Do I Blame Myself or Everyone Else?
Finding the Third Option
“Amy, I just can’t. My heart is broken into a million pieces, my life is in shambles, and nothing is working for me.” Val’s body was shaking as she sobbed in a corner of the couch. In the past two months her life had changed drastically. Her partner of twenty years revealed she’d been having an affair, her father fell and broke his hip, and her adult son moved back into the house.
“I feel like I’m drowning. I try to tread water but the next wave comes and I’m tossed about like a piece of seaweed. How can I get the waves to stop?” Val has never experienced this level of pain before. Until recently she had a loving marriage, her parents were healthy and happy, and her kids were out and about doing well in the world.
Challenging life experiences and suffering often result in two consistent reactions. Some people begin to blame the world around them, focusing on everyone else and getting stuck in anger or, in extreme situations, revenge. With this reaction Val might spend months of her life screaming about the incompetent family around her and how they should hurt “as much as her.” Other people focus inwardly and blame themselves. From this perspective, if only Val had seen the signs she could have sought out counseling with her partner, gotten her father into an assisted living facility, and worked with her son on budgeting skills. This reaction can result in depression, guilt, and shame.
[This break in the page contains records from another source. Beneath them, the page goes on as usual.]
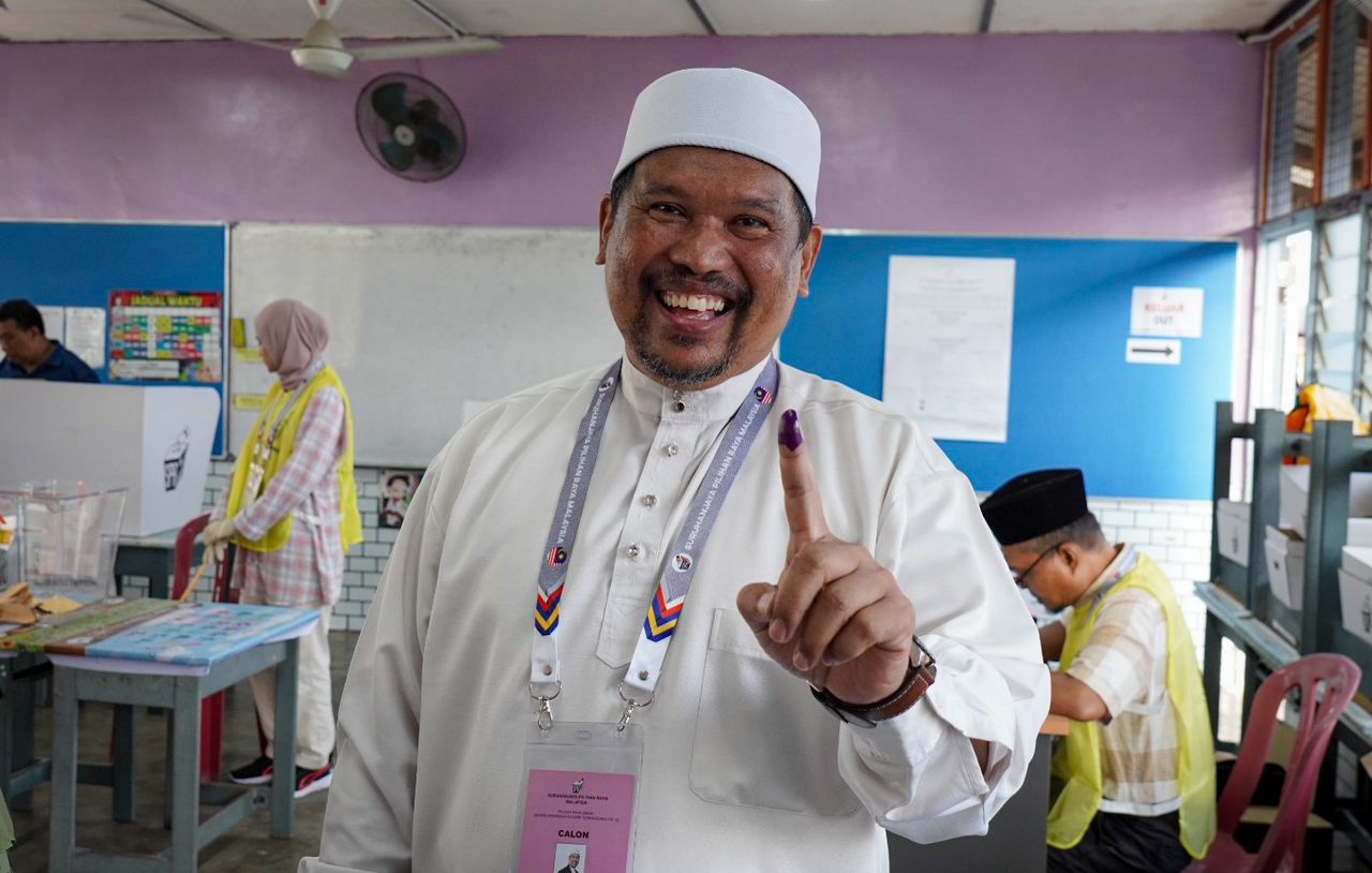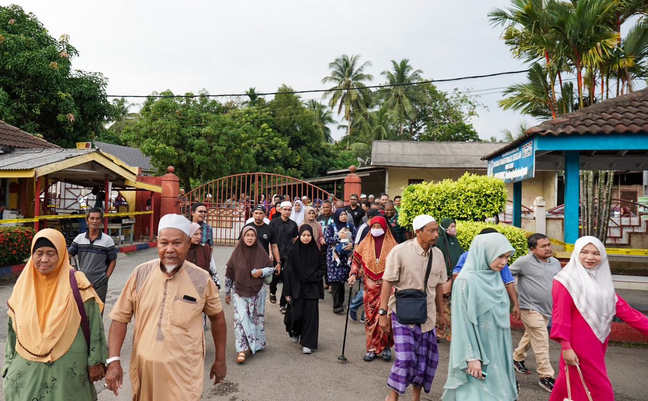 Turut hadir,calon PAS bagi Dewan Undangan Negeri (DUN) Paka, Saiful Bahari Mamat bersama isteri yang mengundi di pusat pengudian yang sama.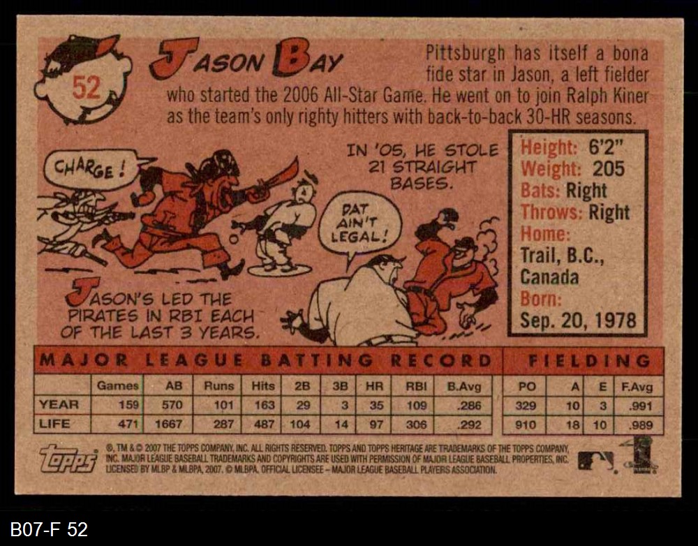 2007 Topps Heritage #52 WT Jason Bay 8 - NM/MT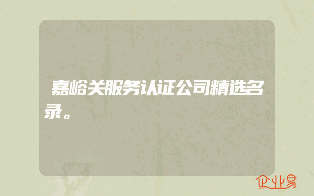 - 嘉峪关服务认证公司精选名录一、嘉峪关服务认证概述嘉峪关,这座历史悠久的城市,不仅是西北的交通枢纽,也是众多企业发展的热土。随着服务行业的兴起和发展,许多专业、正规的服务认证公司在嘉峪关崭露头角。这些公司致力于为企业提供全方位的资质办理、咨询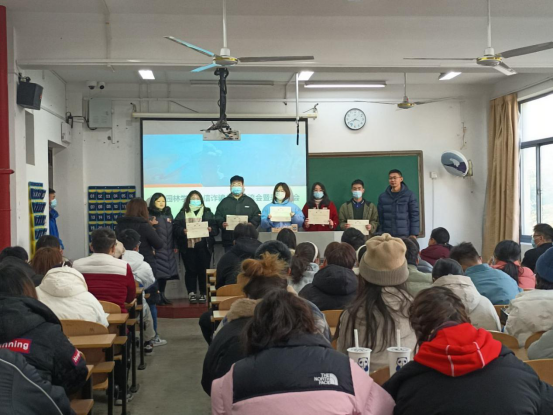大会由主持人甘黎明副书记上台发言做活动总结,她肯定了我院同学在预防电信诈骗中的表现,希望大家继续保持;党委保卫处范小春副处长分析了栖霞区高校电信诈骗的新形势,总结了我校学生在电信诈骗当面的现状,号召同学们提高警惕,捂好自己的“钱袋子”;接着由两名学生代表发言,他们介绍自己对电信诈骗的认识;最后由甘黎明副书记和范小春副处长上台为表彰同学颁奖并合影留念。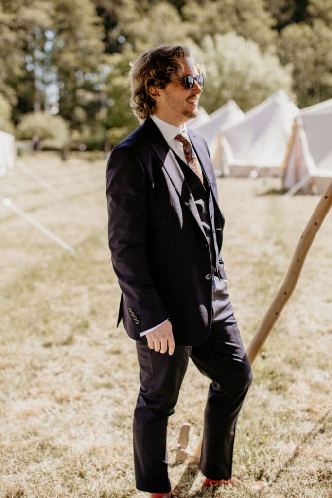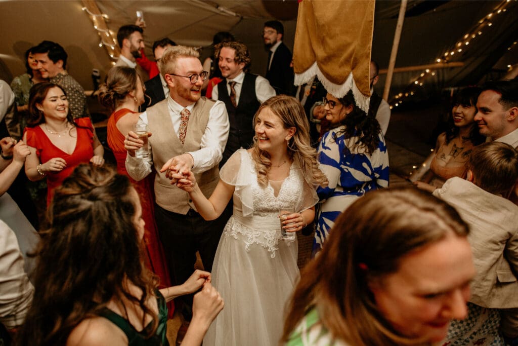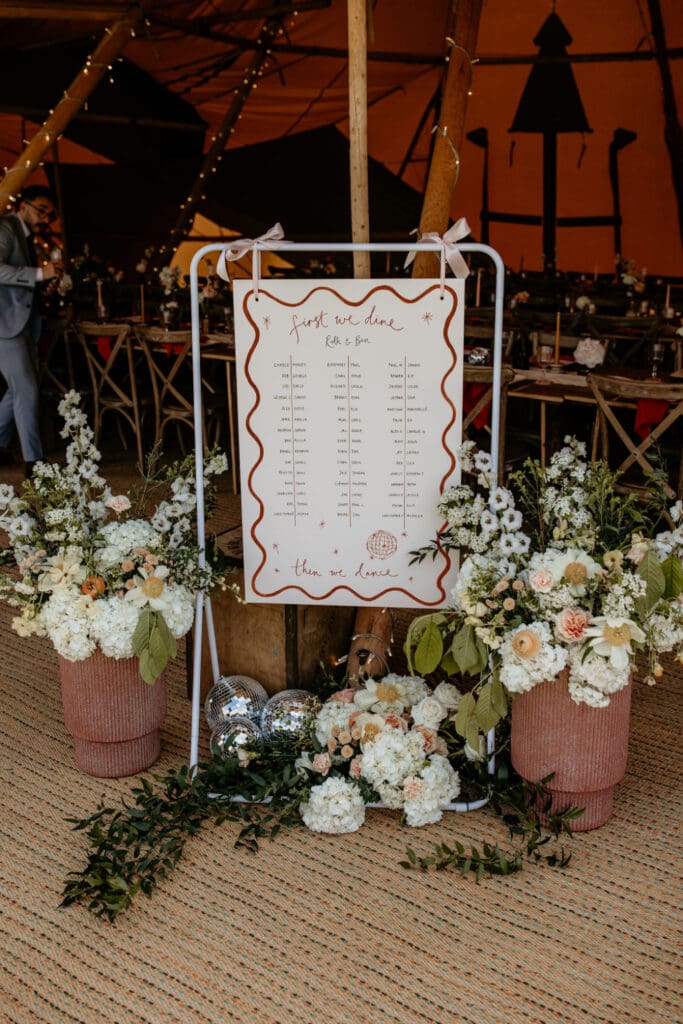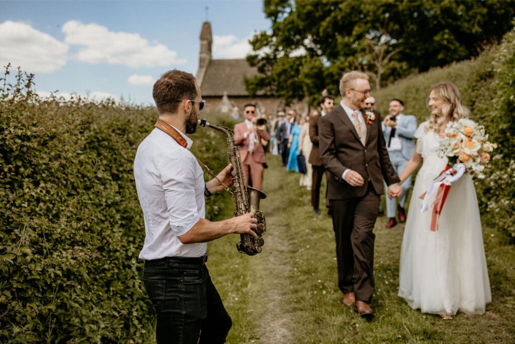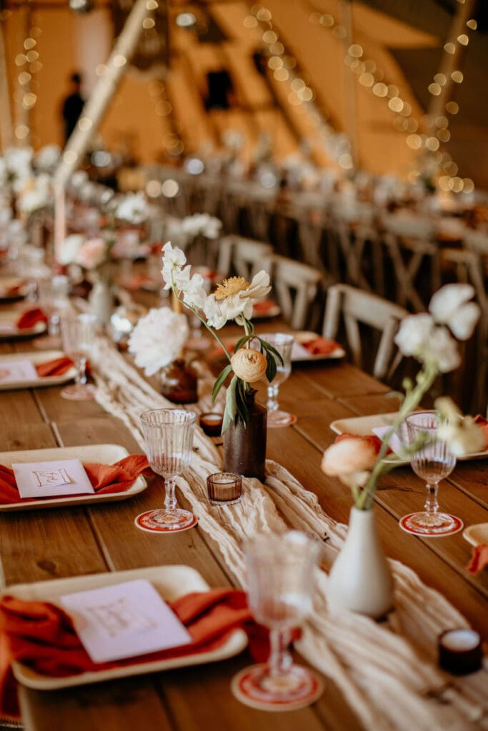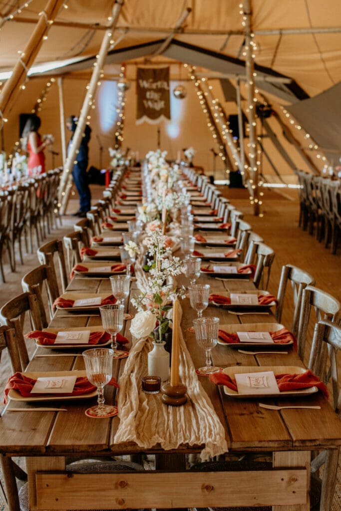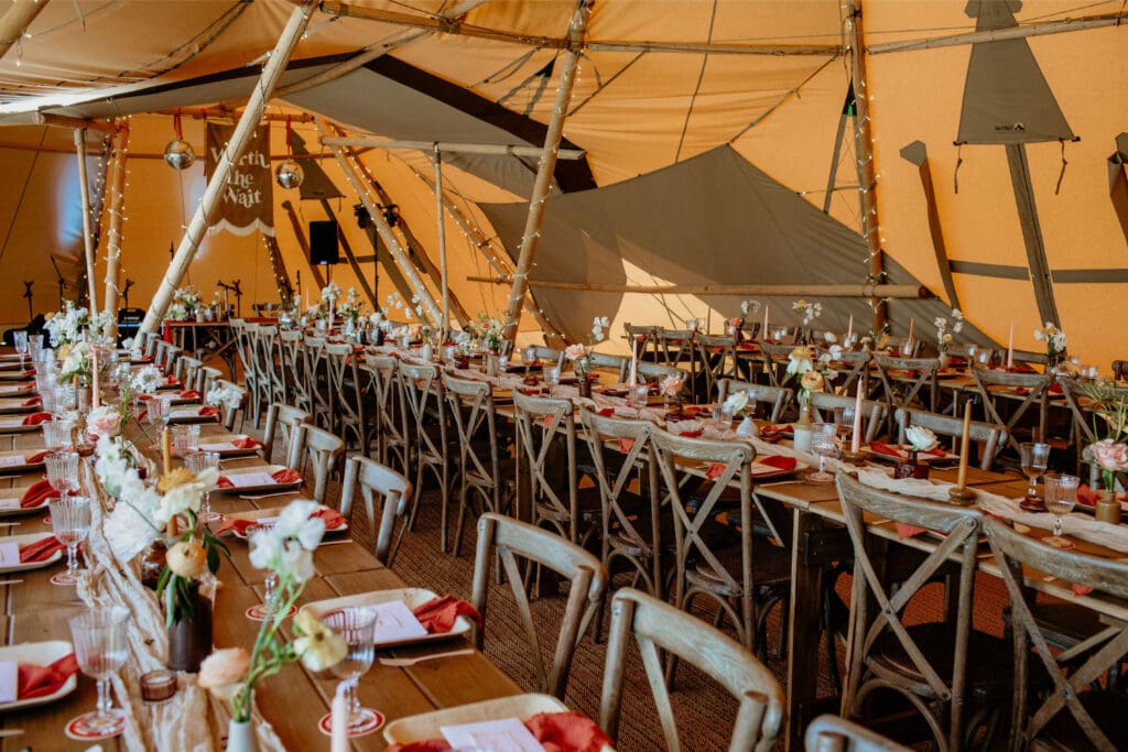 The atmosphere was elevated even further by the incredible Supertonic band, with live trombone and sax serenading guests from the church to the tipis for the arrival drinks-yes it was as epic as it sounds. And just when you thought it couldn’t get any better, the evening turned into an intimate acoustic set for the final hour, with guests joining in-led by the guitar-playing groom himself. A celebration that was equal parts stylish, soulful, and completely unique.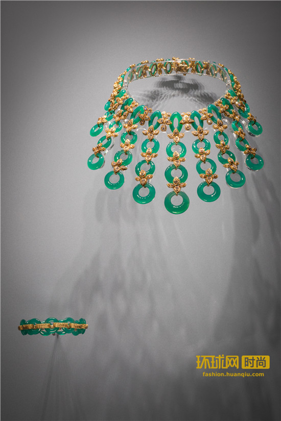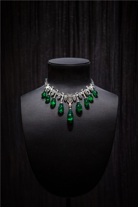 这款装饰艺术风格的项圈诞生于1929年,镶嵌十颗品质卓越的水滴状祖母绿(总重165克拉)以及采用多种切割工艺和形态万分的钻石,极为亮眼夺目。1937年,该项圈成为埃及法伊莎公主殿下的珍藏,作为典型的“皇家珠宝”,这款夺目的项圈成为法伊莎公主当时出席特殊场合的首选配饰。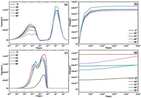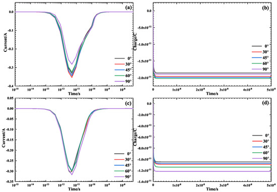 Figure 7 shows the current transients pulse and collected charge quantity of the collector as the heavy ions irradiate the collector and substrate of the SiGe HBT with different incident angles. When the heavy ions irradiate the collector, there are two transient peaks in the current of the collector caused by the drift and diffusion of electrons. The current transient peak value and collected charge quantity change with the incident angle. When the heavy ions irradiate the substrate, the current transient peak and pulse width of the collector are changed by the incident angle of the heavy ions. The current transient peak value and collected charge quantity of the collector caused by heavy ions irradiation with an angle of 0 is the lowest, while the values caused by heavy ions irradiation with an angle of 30 is the highest.

Val experienced both of these reactions in the past, which is why she came in to see me. She was hoping there was a third option that might help her get through in a different way. Val and I worked on making time and space for her feelings (which were a rollercoaster these days), while still accomplishing her (now extra) life responsibilities. We talked about how to prioritize in the midst of crises, and discussed how to access her support system more effectively. Part of being human is going through difficult times. We can’t avoid challenges, but we can come out the other side with a little bit of grace.